# Spring Car, Acceleration Problem: Find Spring Constant

• Jaccobtw
In summary, the conversation discusses the calculations and equations needed to determine the acceleration and spring constant for a spring that can accelerate from rest to 20 m/s 50 times before needing to be rewound. It is determined that the spring must unwind 0.042 m 50 times for a total distance of 2.1m, and the acceleration is calculated to be 4,762 m/s^2. The spring constant is found to be 5.7 * 10^7 N/m. However, it is noted that the energy stored in the spring increases with the square of the displacement, so the first 0.042 m unwound releases more energy than subsequent amounts.

#### Jaccobtw

Homework Statement
You devise a wound up car powered by a spring for trips to the grocery store. The car has an inertia of 500 kg and is 4.2 m long. It should be able to accelerate from rest to 20 m/s at least 50 times before the spring needs winding. The spring runs the length of the car, and a full winding compresses it to half of its length In order to meet the acceleration requirement, what must the value of the spring constant be?
Relevant Equations
F = ma
F = -kd
"It should be able to accelerate from rest to 20 m/s at least 50 times before the spring needs winding"
-So F = -kd = -k(2.1) - d is 2.1 because it is the compression length

Now, since we know the d, divide it by 50, 2.1/50 = 0.042m

Basically, the spring unwinds 0.042 m 50 times for a total distance of 2.1m.

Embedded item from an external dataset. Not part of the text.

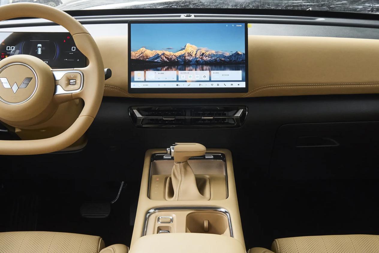 进入车内,星光560提供有胡桃棕与暖沙棕两种温馨的配色方案,车内的设计比较简洁,物理按键数量比较少。中控台布局了悬浮式液晶仪表盘与12.8英寸或15.6英寸触控屏,通过搭载Ling OS,车辆除了支持Carlink/HiCar手机互联以及DLNA手机投屏等功能。
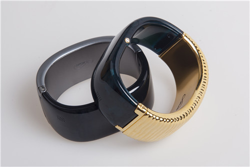 既然是情侣手环,Miss U采用了成双成对出售的模式,每对手环分为男女款式,女款充满了装饰感,采用镀金波纹外壳,并配有钻石按钮。而男款则采用了银色哑光喷漆处理,低调内敛。Miss U手环配有一块0.8寸的可触摸液晶显示屏幕,设计在了手腕内侧,防止隐私泄露。

Now, calculate acceleration:
v(f)^2 = v(i)^2 * 2 * a * d

We know our final velocity is 20 m/s, our initial is 0.

Solving for a we get, 4,762 m/s^2

Back to our original equations

F = -kd = ma

Solve for k and we get : 5.7 * 10^7 N/m

But I got this wrong :(

Jaccobtw said:
the spring unwinds 0.042 m 50 times
No. The energy stored in a spring rises as the square of the displacement, so the first 0.042 m it unwinds releases more energy than the next 0.042 m, etc.
Instead of forces, work with energy.

Jaccobtw

## 1. What is a spring car acceleration problem?

A spring car acceleration problem involves a car being attached to a spring and released from a certain height. The goal is to determine the spring constant, which is a measure of the stiffness of the spring, based on the acceleration of the car.

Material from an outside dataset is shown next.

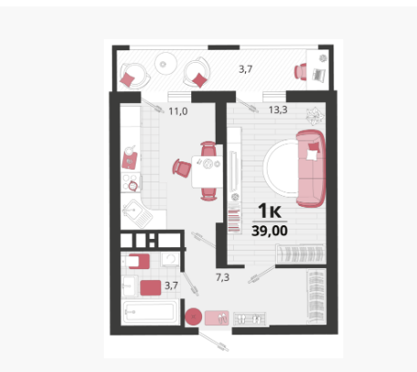Продается однокомнатная новостройка, 39 кв.м., 14/18 эт

## 2. How do you solve a spring car acceleration problem?

To solve a spring car acceleration problem, you need to measure the distance the car falls from before it is attached to the spring, the time it takes for the car to reach the bottom of the spring, and the mass of the car. Then, you can use the equation F = ma = kx to calculate the spring constant, where F is the force applied by the spring, m is the mass of the car, a is the acceleration, and x is the distance the spring is compressed.

## 3. What factors can affect the accuracy of the spring constant calculation?

The accuracy of the spring constant calculation can be affected by factors such as air resistance, friction between the car and the surface it is released from, and the elasticity of the spring. These factors can introduce errors in the measurements and result in a slightly different value for the spring constant.

## 4. How is the spring constant related to the stiffness of the spring?

The spring constant is directly proportional to the stiffness of the spring. This means that a higher spring constant indicates a stiffer spring, while a lower spring constant indicates a less stiff spring. The stiffness of a spring determines how much force is needed to compress or stretch it by a certain distance.

## 5. What are some real-life applications of a spring car acceleration problem?

A spring car acceleration problem can be used to study the behavior of materials and their elasticity, as well as to determine the stiffness of springs used in various devices such as shock absorbers, car suspensions, and pogo sticks. It can also be used in sports science to analyze the performance of athletes in activities such as long jump and pole vaulting.